Его глупость была невыносимой.
— Просто ужас! — проворчала я и возмущенно стукнула носком туфли об пол, показывая, что готова затопать ногами.
— Ну, вы, девчонки, народ чудной. Ты сердишься на меня, потому что думаешь что я набрался греха, — так, Мод? Нет, говорю тебе, резвунья ты неразумная, ничего такого не было в Вулвергемптоне. А ты, только я вернулся, уже гонишь меня. Не за дело!
— Я не понимаю вас, сэр. И прошу: уйдите.
— Ну разве я не говорил, Мод, про то, чтоб уйти от тебя… Только этого и не могу сделать. Я просто дитя малое в твоих руках, точно. Могу крепкого парня избить, измочалить, черт подери! — Должна заметить, что его ругательства на самом деле были еще более грубыми. — Ты ж видела недавно. Ну, не сердись, Мод. Тогда из-за тебя все и вышло — я чуток приревновал, ага. Значит, любого поколочу. Но вот смотри на меня: просто дитя малое в твоих руках!
— Я хочу, чтобы вы ушли. У вас нет никакого занятия? Вам ни с кем не нужно увидеться? Ну почему… почему вы не можете оставить меня одну, сэр!
— Не могу, потому что не могу. А ты… какая ж ты злая, видишь, что со мной, и… Как ты можешь?
— Скорее бы Милли пришла, — раздраженно сказала я, устремив взгляд на дверь.
— Я говорю тебе как есть, Мод. Откроюсь, чего там. Ты мне нравишься больше всех девчонок, которых встречал, вот тебе честное слово. Ты в сто раз лучше их всех, нету другой такой… нету. И я хочу, чтоб ты пошла за меня. Деньжат у меня немного — отец иногда подкидывает, да он и сам на мели, ты ж знаешь. Но хотя я не богатый, как некоторые, может, я получше их буду. И ежели б ты пошла за порядочного человека, который тебя страшно любит и умрет ради тебя, так вот он перед тобой.

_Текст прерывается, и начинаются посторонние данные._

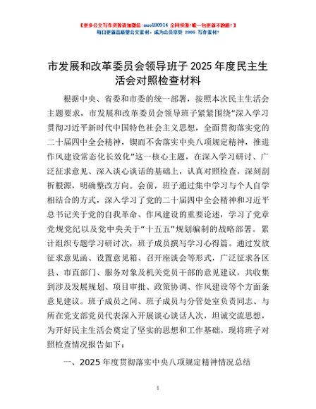 / 市发展和改革委员会领导班子2025年度民主生活会对照检查材料

— Что вы хотите сказать, сэр? — вскричала я, озадаченная и возмущенная.
— Я хочу сказать, Мод, что, ежели пойдешь за меня замуж, не пожалеешь: ни в чем не будешь знать отказа, слова плохого от меня не услышишь.
— Это же предложение! — выговорила я, будто во сне.

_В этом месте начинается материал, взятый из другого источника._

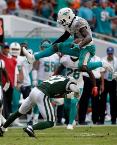OVERTURNED: Stills set up Miami’s first score with a sensational 36-yard catch, pulling in a jump ball after he fell to the turf. The pass was first ruled incomplete, but the call was reversed following a replay review.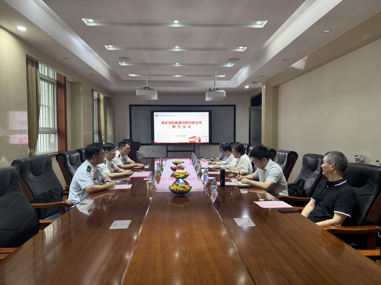 江苏省消防救援总队办公室一级助理员梁意,学院张更新教授,办公室主任闫向龙参加了聘任仪式。

Я стояла, держась за спинку стула, и взгляд, устремленный на Дадли, вероятно, был преглупым, ведь от крайнего изумления я плохо соображала.
— Ну да, оно самое, девочка, и ты мне не скажешь «нет», — выпалил этот ужасный человек. Он оперся коленом о сиденье стула, за которым я стояла, и попытался обвить мою шею рукой.
Я разозлилась, отпрянула и топнула ногой в неподдельной ярости.
— Что, сэр, в моем поведении, в моих речах и взглядах могло бы оправдать эту неслыханную дерзость? Но пусть вы так же глупы, как дерзки, грубы и отвратительны, вы должны были давно понять, что вы мне очень неприятны. Как вы осмелились, сэр? Не думайте препятствовать мне, я иду к дяде!
Никогда и никому на свете я еще не говорила таких резких слов.
Он, казалось, тоже растерялся, и я, разгневанная, быстро скользнула мимо его протянутой, но не шевельнувшейся руки.
Со свирепым видом он двинулся было за мной к двери, но остановился и только выругался мне вслед, употребив те «плохие слова», которых, как обещал, я никогда от него не услышу. Впрочем, гнев и быстрый шаг помешали мне вникнуть в их смысл, и, не успев собраться с мыслями, я постучала к дяде Сайласу.
— Войдите, — прозвучал дядин голос — внятный, высокий и капризный.
Я вошла и взглянула дяде прямо в лицо:
— Ваш сын, сэр, меня оскорбил.
Несколько секунд он с холодным любопытством изучал меня, а я стояла перед ним, раскрасневшаяся, тяжело дыша.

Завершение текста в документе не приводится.